Lucky as Snyder is to have her, the whole movie doesn’t rest on Boutella. There’s also a deranged zeal to Snyder’s muchness. If he’s going to bust out the kind of floating/falling giant airship over-favored by Kevin Feige in half a dozen Marvel movies, at least he stages a terrific sliding-objects fight during the fall. If he’s going to knock off his own versions of lightsabers, they’re going to look sharper and deadlier.
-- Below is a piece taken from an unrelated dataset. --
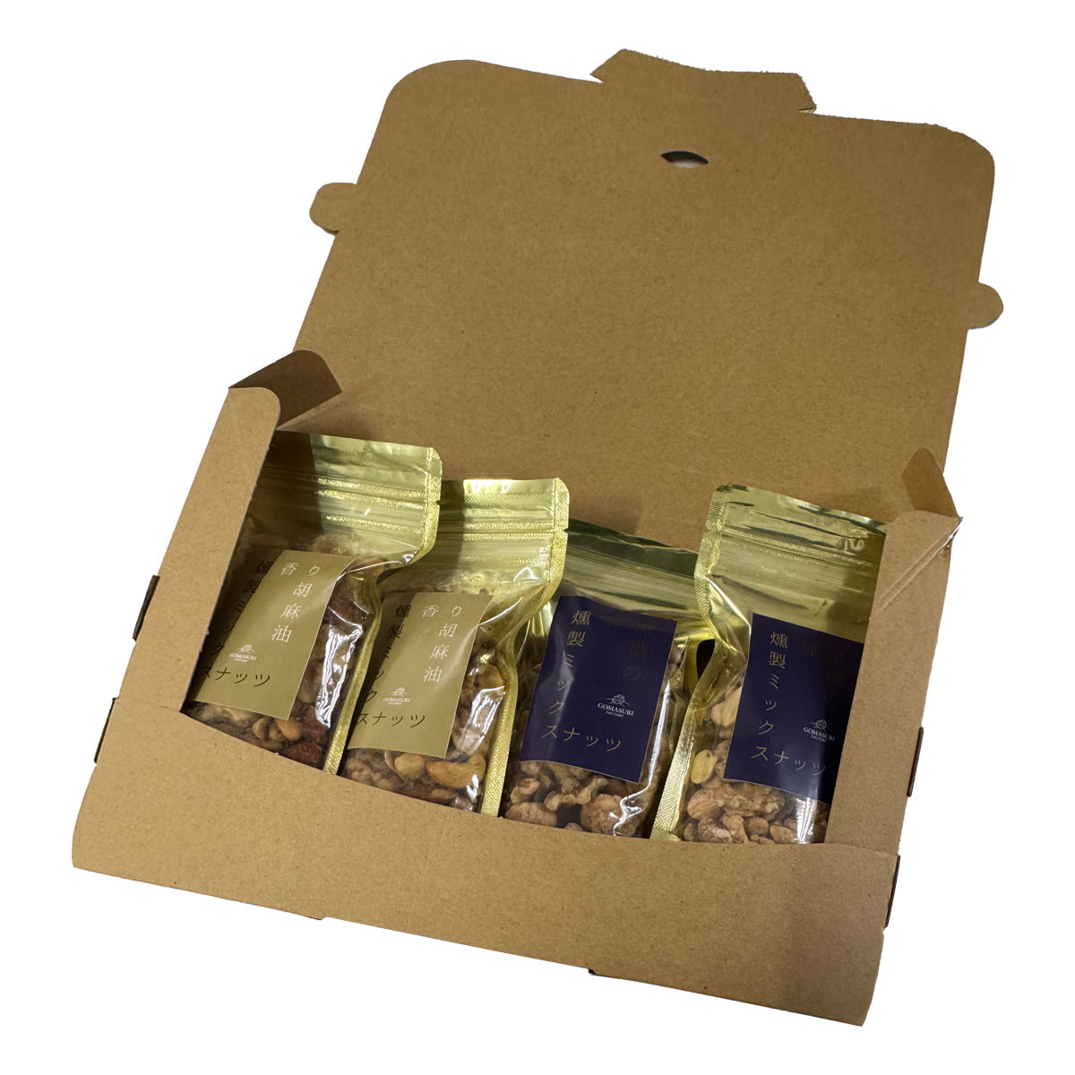 鹿児島のごますりファクトリーがお届けする「喜界島 燻製ミックスナッツ 詰め合わせ」です。おつまみ、おやつ、お茶請けなどにおすすめです。<香り胡麻油 燻製ミックスナッツ>国内流通シェアが少ない、稀少な国産ごま(喜界島産)から作られた「高級胡麻油」と、喜界島産「海塩」を贅沢に使った燻製ミックスナッツ。芳醇な喜界島産ごま油の香りと、燻製された4種類のナッツが様々な味わいをみせる贅沢なおつまみ。<純黒糖の燻製ミックスナッツ>鹿児島県喜界島の農家さんが大切に育てたサトウキビから作られた、稀少な純黒糖をたっぷり使った燻製ミックスナッツ。口の中に含んだ瞬間に広がる優しい甘さの純黒糖と、燻製されたナッツの相性がぴったりの逸品。ごますりファクトリーが手がけるクラフトビール「WAN50」や黒糖焼酎、ウイスキーなどのお酒とも好相性。お好みのアルコール飲料とのペアリングをお楽しみください。

If he’s going to utilize his newest favorite directorial party trick – focus so shallow that only a minority of any given image looks sharp at a time – he’s going to do it with the utmost commitment, even when it’s nonsensical (as in establishing shots).
Rebel Moon almost certainly didn’t need to be two multiple-cut movies. It probably could have gotten by as zero. But as a playground for Snyder’s favorite bits of speed-ramping, shallow-focusing and pulp thievery, it’s harmless, sometimes pleasingly weird fun. (That said, the first part is better and weirder.) The large-scale pointlessness feels more soothing than his past insistence on attempting to translate Watchmen into a big-screen epic, or make Superman into a tortured soul. Even Rebel Moon’s shameless attempts at serialization – The Scargiver essentially ends with another extended sequel tease, this time for a movie that stands a decent chance of never happening – feel freeing, because they excuse Snyder from the uncomfortable business of staging an apocalyptic showdown, or, worse, imparting a mournful philosophy. The whole bludgeoning enterprise is so daftly sincere, you could almost call it sweet.